My take on stuff

A bump, for those two who downloaded v0.6

Updating to v0.6.1 should not unbalance any games you have started very much, if at all.

v0.6.2
Lightened the economic strain even further in early game; starting to get to the golden point I think.
 
v0.6.3

Gave the AI an even greater economical advantage; now they even have an economical advantage at settler difficulty.

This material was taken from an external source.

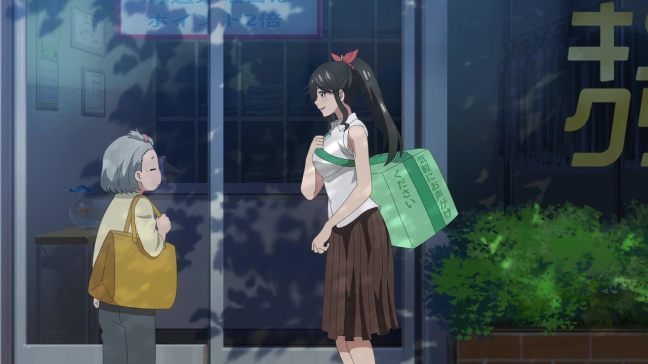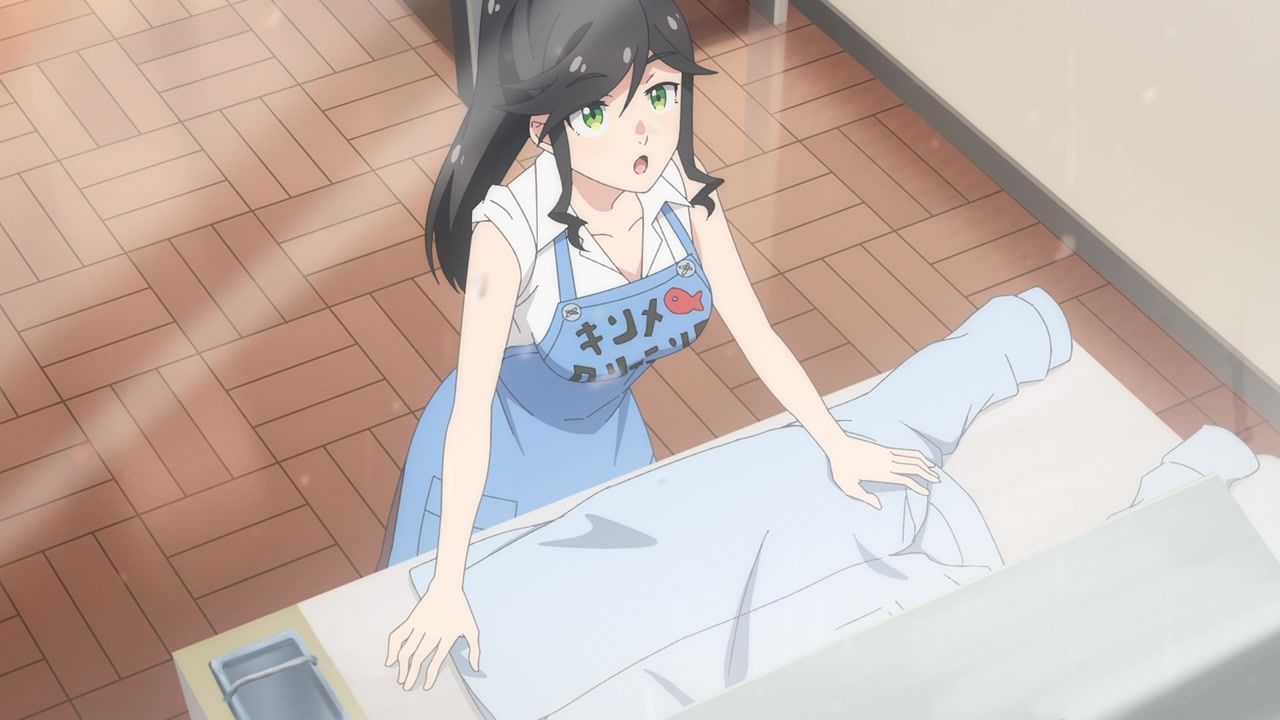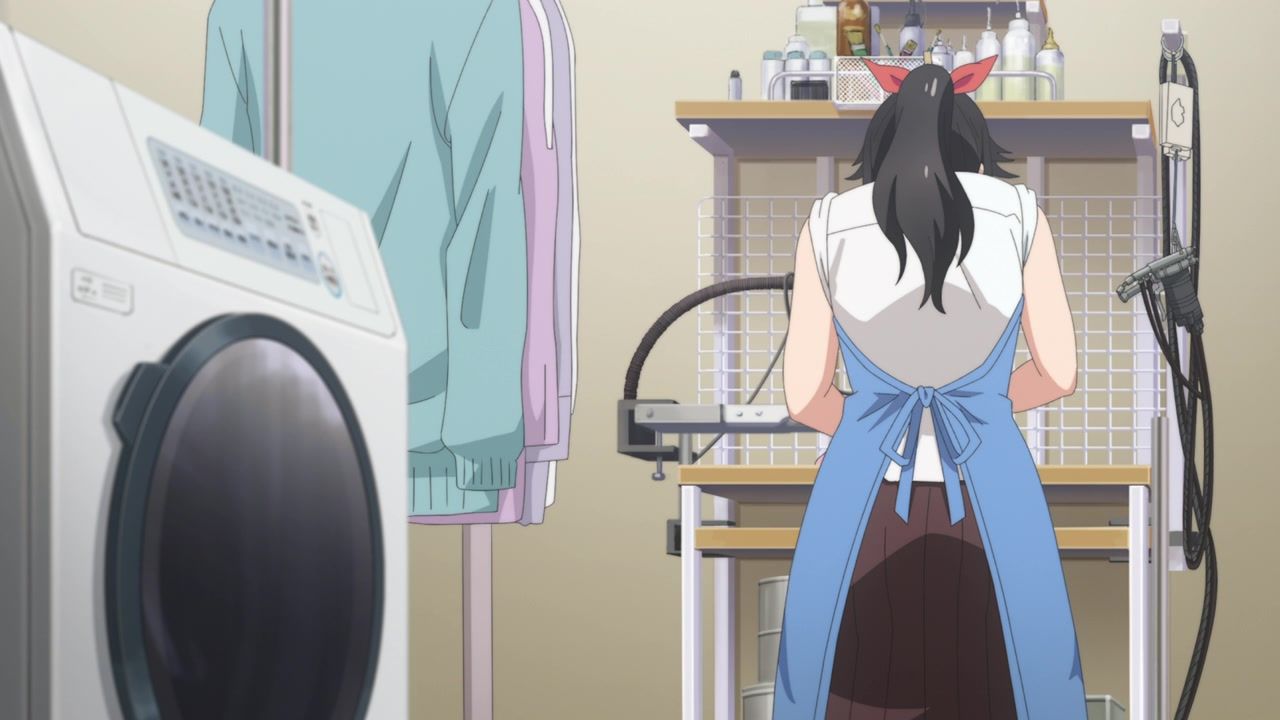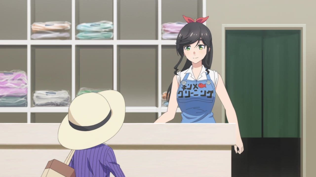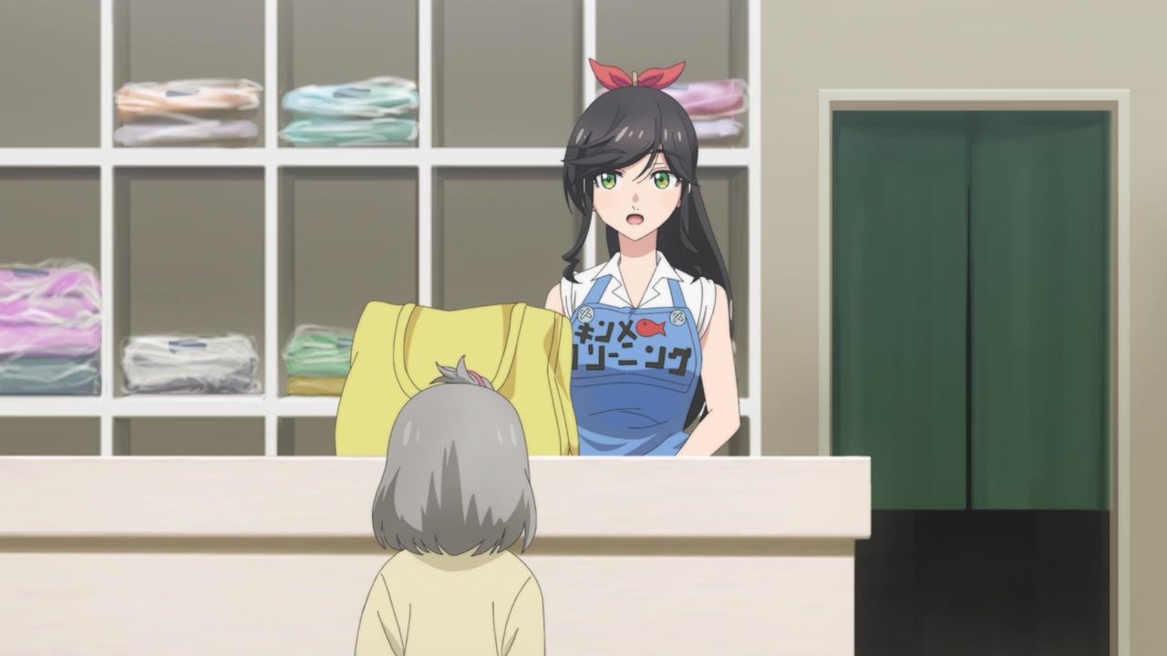 It certainly is what the kids call “slice of life.” No story, no comedy, just soporific music while an unnaturally chipper lady goes about doing laundry. Other than the obvious, it’s innocuous enough, I guess, but I still don’t see the point. In one ear, out the other, pretty literally since it loves to do montages of random town scenery to pad out scenes. What is there to say or even hope for with the show? That she gets with the kid? That next week has slightly different music and maybe it rains? At least she didn’t yell a lot.

Reason for this: The AI was still going broke at deity. what the frack, the AI has bigger problems than I suspected.
If the AI one day learn how to manage money I will revert some of these difficulty changes.


Edit:
v0.6.3 also halves tha amount of barb cities that spawn. 9% every 50 turns on Deity; 1 % chance every 50 turn on Settler dif.
Those percentages have a larger impact than you would think.
 
Got 3 tribes from goody huts before I invented skinning in one of my test games; this made me consider the possibility to open up for the founding of a second city already with anarchism.

v0.6.5
The changes I made here makes it possible but it won't be easy economically.
 
I've been tinkering with the idea to restructure the civic tree the last 2-3 days. The old civic system is too unfocused and confusing.
So today I've made a first draft of what I believe are more orderly/focused civics.

I've dropped Education, Language, Currency, Labor, Agriculture, Borders and garbage completely for now; but might reconsider keeping 1-2 of them.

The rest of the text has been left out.